Okay, great. Thanks for the comments.
Yes, absolutely. Thanks Lisa.
Our next question comes from the line of Ryan Daniels with William Blair. Your line is open.
Yes, guys. Jason, one for you on the mobile app. I'm curious if you can talk a little bit about the fulfillment cost when a consumer request to consult via that versus going through your call center? Just trying to get a feel for the potential positive impact on gross margins as more and more of the business shifts to the mobile app?
Yes, absolutely. So you're exactly right. We get tremendously more leverage. It costs our COGS goes down because we don't have the call center cost associated with delivering a visit if someone comes in through the mobile app. So we think about roughly $5 of cost outside of the doctor visit when in our COGS about give or take a dollar of that is our med mal and the other $4 comes from the other areas.
So we definitely get a lot more leverage on the gross margin when we deliver through the mobile app.
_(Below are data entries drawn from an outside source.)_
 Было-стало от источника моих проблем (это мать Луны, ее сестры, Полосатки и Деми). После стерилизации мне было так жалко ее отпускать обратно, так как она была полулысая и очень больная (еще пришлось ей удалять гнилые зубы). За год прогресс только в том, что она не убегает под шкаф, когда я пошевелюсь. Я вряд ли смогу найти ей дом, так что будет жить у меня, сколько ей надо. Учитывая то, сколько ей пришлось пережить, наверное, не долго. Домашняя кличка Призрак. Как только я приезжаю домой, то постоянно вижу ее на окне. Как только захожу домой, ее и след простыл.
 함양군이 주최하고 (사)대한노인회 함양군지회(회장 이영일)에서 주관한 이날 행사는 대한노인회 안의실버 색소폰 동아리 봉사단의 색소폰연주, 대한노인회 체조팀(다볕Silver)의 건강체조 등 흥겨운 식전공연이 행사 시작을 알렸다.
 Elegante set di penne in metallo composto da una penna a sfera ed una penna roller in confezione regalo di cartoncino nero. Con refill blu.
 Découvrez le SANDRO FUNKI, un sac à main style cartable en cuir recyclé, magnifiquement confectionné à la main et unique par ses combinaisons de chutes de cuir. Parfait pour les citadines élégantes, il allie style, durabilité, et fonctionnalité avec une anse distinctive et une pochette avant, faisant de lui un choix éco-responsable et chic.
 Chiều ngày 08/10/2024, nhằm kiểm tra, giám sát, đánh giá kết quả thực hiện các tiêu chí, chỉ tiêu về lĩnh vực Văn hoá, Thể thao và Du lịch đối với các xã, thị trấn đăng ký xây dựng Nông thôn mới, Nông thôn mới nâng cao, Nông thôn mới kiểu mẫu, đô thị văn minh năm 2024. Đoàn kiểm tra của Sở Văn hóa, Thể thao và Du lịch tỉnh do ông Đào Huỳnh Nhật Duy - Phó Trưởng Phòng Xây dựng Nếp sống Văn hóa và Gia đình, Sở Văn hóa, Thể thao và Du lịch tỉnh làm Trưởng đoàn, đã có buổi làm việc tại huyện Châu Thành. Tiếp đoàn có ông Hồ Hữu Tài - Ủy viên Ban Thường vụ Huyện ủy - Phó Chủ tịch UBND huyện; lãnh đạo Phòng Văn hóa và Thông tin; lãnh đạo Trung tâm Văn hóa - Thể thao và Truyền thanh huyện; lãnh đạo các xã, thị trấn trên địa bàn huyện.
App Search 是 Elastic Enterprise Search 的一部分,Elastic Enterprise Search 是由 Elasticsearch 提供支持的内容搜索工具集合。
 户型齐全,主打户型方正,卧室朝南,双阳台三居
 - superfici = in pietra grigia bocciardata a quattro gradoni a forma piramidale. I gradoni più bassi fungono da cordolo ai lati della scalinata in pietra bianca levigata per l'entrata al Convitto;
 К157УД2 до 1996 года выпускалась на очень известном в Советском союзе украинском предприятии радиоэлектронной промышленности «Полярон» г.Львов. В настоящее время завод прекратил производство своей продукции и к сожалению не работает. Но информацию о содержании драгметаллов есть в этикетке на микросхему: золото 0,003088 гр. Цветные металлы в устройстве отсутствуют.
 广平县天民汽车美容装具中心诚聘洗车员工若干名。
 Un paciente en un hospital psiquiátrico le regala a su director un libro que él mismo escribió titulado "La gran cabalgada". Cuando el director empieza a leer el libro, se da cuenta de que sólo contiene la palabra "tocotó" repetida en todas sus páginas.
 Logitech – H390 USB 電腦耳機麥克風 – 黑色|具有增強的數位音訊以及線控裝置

Is there anything you can do from a marketing standpoint or reduce the fee by a few dollars if you request via the mobile app in order to drive out that utilization given the pretty significant savings potential there?
So we certainly do a lot from a marketing perspective. In fact, if you look back at our communications from 2016, the majority of our calls to action were about downloading the mobile app because we know if they download our mobile app, we get sort of 2 benefits from it. 1 is of course the gross margin leverage that you talked about, but the other is that we're constantly top of mind for them because we're there on their phone. So we are doing a lot to drive that and that's really we're seeing the benefit of that in the increased proportion of our visits visit requests coming through the mobile app. We've talked a lot over the years about whether we need to financially incent and whether we would provide whether we would get more out of doing that.
And we consistently come back to the fact that we think the market is going to go in that direction anyway and we'd rather do it through our communications than by providing a discount that may not benefit us as much financially. It's not to say we would never do it, but that's where we've come out so far.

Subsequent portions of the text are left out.